Documentation
Flatseek is a disk-first, serverless search platform. Index structured data (CSV, JSON, JSONL) using a trigram inverted index and query via REST API or web dashboard — without managing a search cluster.
Installation
Requirements
- Python 3.10+
- pip or pip3
- git (for installer script)
Install via pip
pip install flatseek
Install via installer script
curl -fsSL flatseek.io/install.sh | sh
This installs both the flatseek Python package and the flatlens dashboard to ~/.local/share/flatlens.
Install from source
git clone https://github.com/flatseek/flatseek.git
cd flatseek
pip install -e .
Verify installation
flatseek --version
Quick Start
1. Build an index from CSV
flatseek build ./data/people.csv -o ./data
This creates a search index in ./data. Flatseek auto-detects column types (name, email, phone, date, etc.).
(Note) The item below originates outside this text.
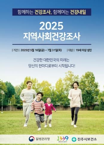 [경남도민뉴스=권중환 기자] 진주시는 오는 16일부터 7월 31일까지 질병관리청에서 표본 가구로 선정된 만 19세 이상 성인 약 900명을 대상으로‘2025년 지역사회 건강조사’를 실시한다고 밝혔다.
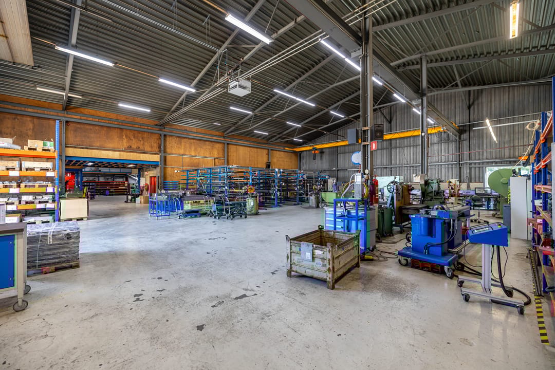 - Airconditioning, lichtstraten, overheaddeuren, krachtstroom, betonvloer, heater, toilet, pantry, inbouwarmaturen en te openen ramen

2. Start the API server + dashboard
cd ./data
flatseek serve
Starts on http://localhost:8000 by default.
- API:
http://localhost:8000 - Dashboard:
http://localhost:8000/dashboard - API Docs:
http://localhost:8000/docs
3. Open the dashboard
Navigate to http://localhost:8000/dashboard. Select your index from the dropdown, enter a query, and explore results.
4. Search from CLI
flatseek search ./data "name:*john*"
flatseek search ./data "city:jakarta AND gender:L"
flatseek stats ./data
5. Search from Python
from flatseek import Flatseek
client = Flatseek("http://localhost:8000")
result = client.search(index="people", q="*john*", size=20)
print(result.total)
for doc in result.docs:
print(doc)
Architecture
Flatseek consists of four components:
- Flatseek Core — Disk-first trigram indexing engine. Reads from memory-mapped files without loading into heap.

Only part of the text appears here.